If, on a motion, asserting the defense number (6), to dismiss for failure of the pleading to state a
claim upon which relief can be granted, matters outside the pleading are presented to and not
excluded by the court, the motion shall be treated as one for summary judgment and disposed
of as provided in Rule 56. In such case, all parties shall be given reasonable opportunity to
present all material made pertinent to such a motion by Rule 56.
(C) Motion for judgment on the pleadings. After the pleadings are closed but within such
time as not to delay the trial, any party may move for judgment on the pleadings. If, on a
motion for judgment on the pleadings, matters outside the pleadings are presented to and not
excluded by the court, the motion shall be treated as one for summary judgment and disposed
of as provided in Rule 56, and all parties shall be given reasonable opportunity to present all
material made pertinent to such a motion by Rule 56.

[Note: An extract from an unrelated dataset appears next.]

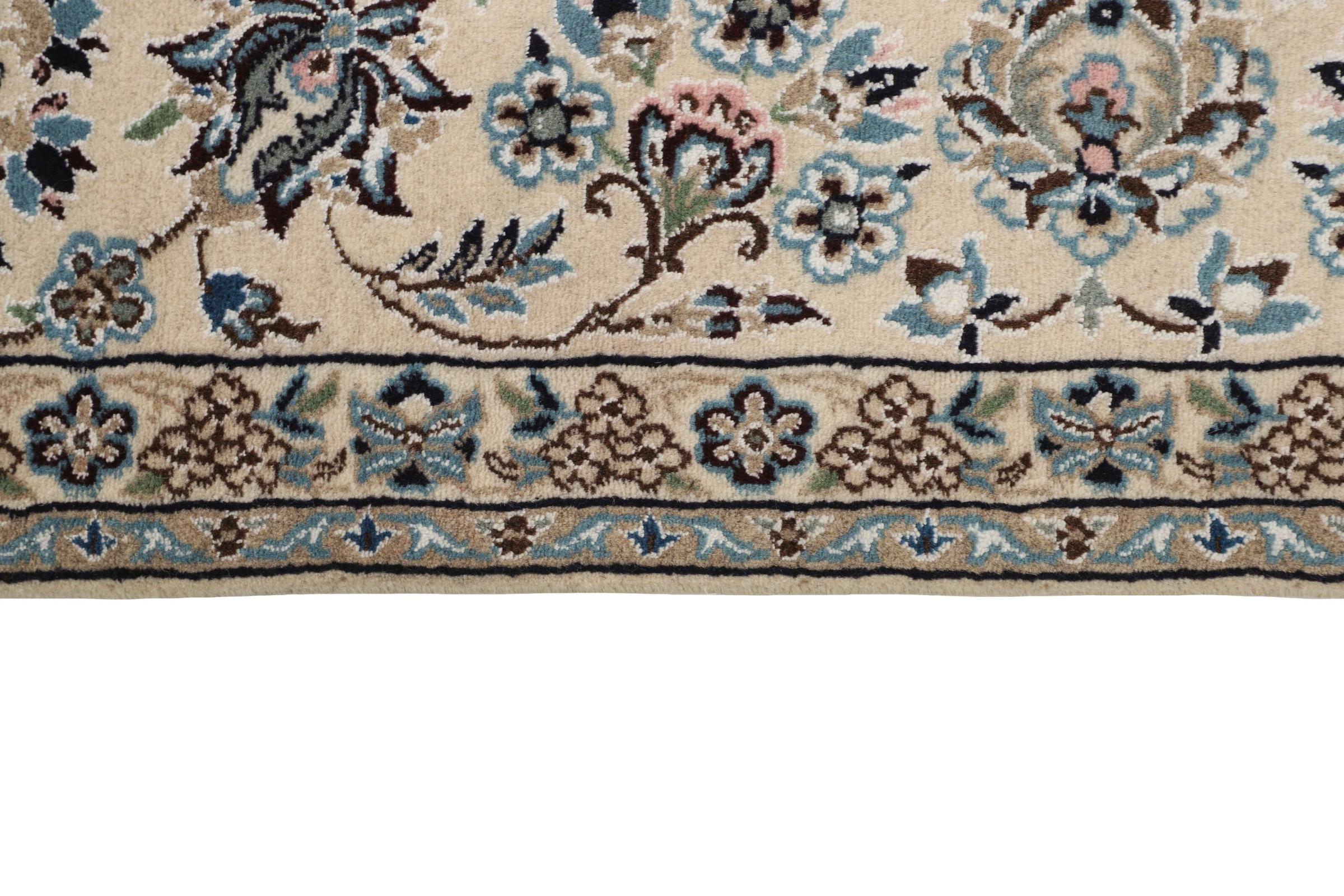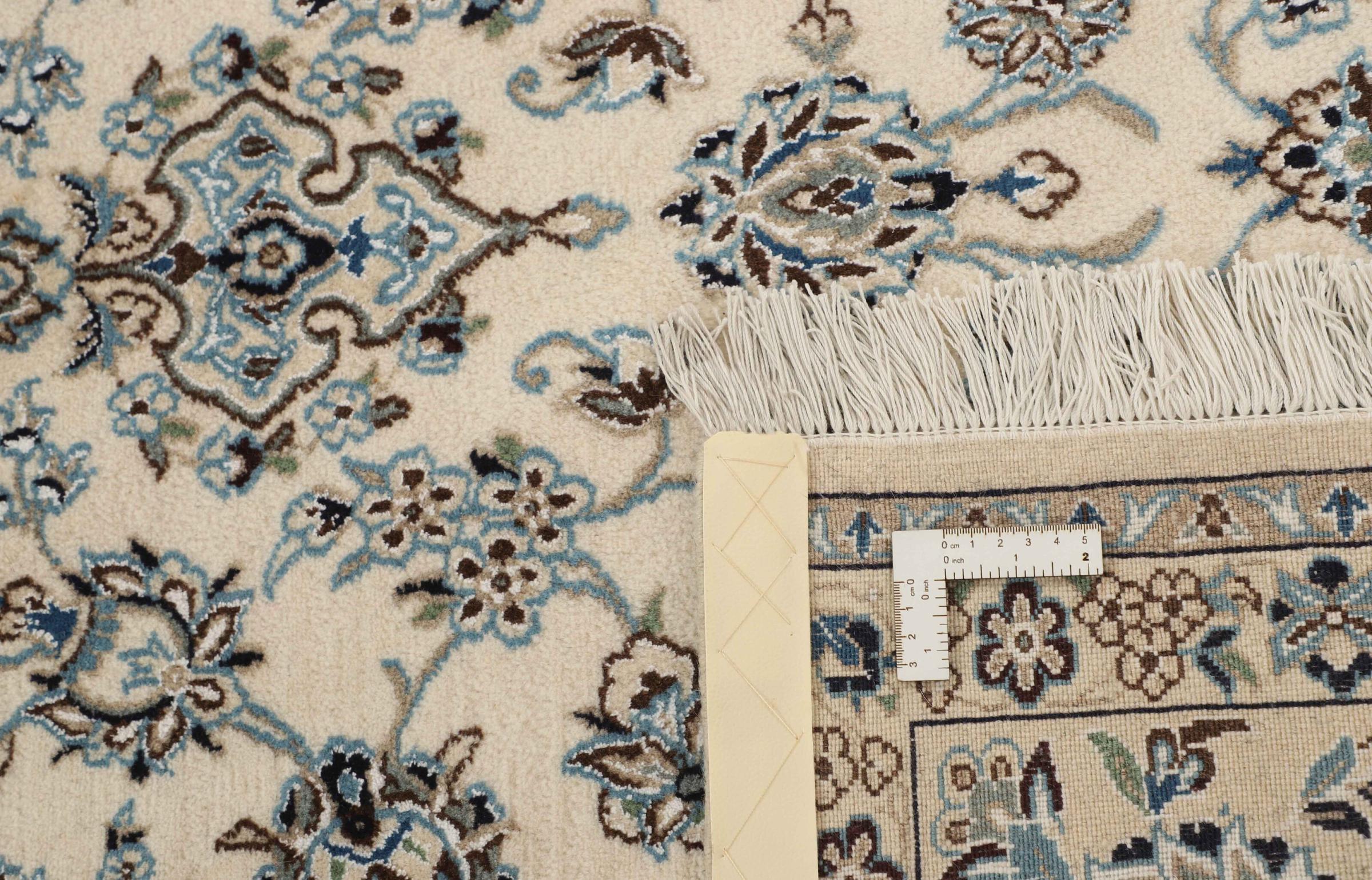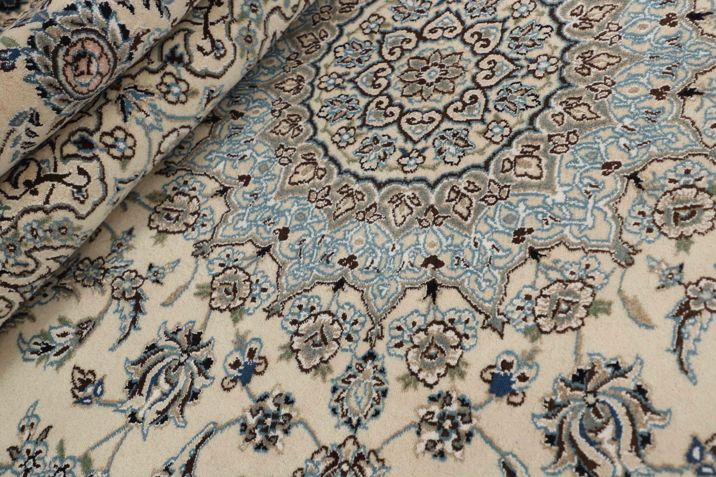 Dette Nain-tæppe er klassificeret 9La. Den fremragende kvalitet, det smukke orientalske design med sine buede mønstre glæder enhver køber. Dette persiske tæppe blev håndknyttet af højkvalitets uld og natursilke i byen Nain, som ligger i den vestlige udkant af Dasht-e-Kavir-ørkenen. 9La Nain er væsentligt finere end en 12La og viser allerede smukke detaljer.
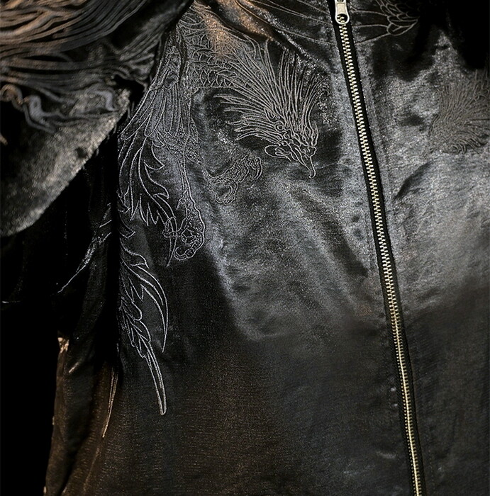 Mens Souvenir Jacket Sukajan Japanese Pattern Embroidery REVERSIBLE Phoenix Bird

(D) Preliminary determination. Whether made in a pleading or by motion, the defenses
specifically enumerated (1) to (8) in subdivision (B) of this rule, and the motion for judgment on
the pleadings mentioned in subdivision (C) of this rule shall, upon application of any party or by
order of court, be determined before trial unless substantial justice requires the court to defer
hearing until trial.
(E) Motion for more definite statement. If a pleading to which a responsive pleading is
permitted is so vague or ambiguous that a party cannot reasonably be required to frame a
responsive pleading, he may move for a more definite statement before interposing his
responsive pleading. The motion shall point out the defects complained of and the details
desired. If the motion is granted and the order of the court is not obeyed within twenty [20]
days after notice of the order or within such other time as the court may fix, the court may strike
the pleading to which the motion was directed or make such order as it deems just.
(F) Motion to strike. Upon motion made by a party before responding to a pleading, or, if no
responsive pleading is permitted by these rules, upon motion made by a party within twenty
[20] days after the service of the pleading upon him or at any time upon the court’s own
initiative, the court may order stricken from any pleading any insufficient claim or defense or
any redundant, immaterial, impertinent, or scandalous matter.
(G) Consolidation of defenses in motion. A party who makes a motion under this rule may
join with it any other motions herein provided for and then available to him. If a party makes a
motion under this rule but omits therefrom any defense or objection then available to him
which this rule permits to be raised by motion, he shall not thereafter make a motion based on
the defense or objection so omitted. He may, however, make such motions as are allowed under
subdivision (H)(2) of this rule.
(H) Waiver or preservation of certain defenses.
(1) A defense of lack of jurisdiction over the person, improper venue, insufficiency of process,
insufficiency of service of process, or the same action pending in another state court of this
state is waived to the extent constitutionally permissible:
(a) if omitted from a motion in the circumstances described in subdivision (G),
(b) if it is neither made by motion under this rule nor included in a responsive pleading
or an amendment thereof permitted by Rule 15(A) to be made as a matter of course.
(2) A defense of failure to state a claim upon which relief can be granted, a defense of failure to
join an indispensable party under Rule 19(B), and an objection of failure to state a legal
defense to a claim may be made in any pleading permitted or ordered under Rule 7(A) or
by motion for judgment on the pleadings, or at the trial on the merits.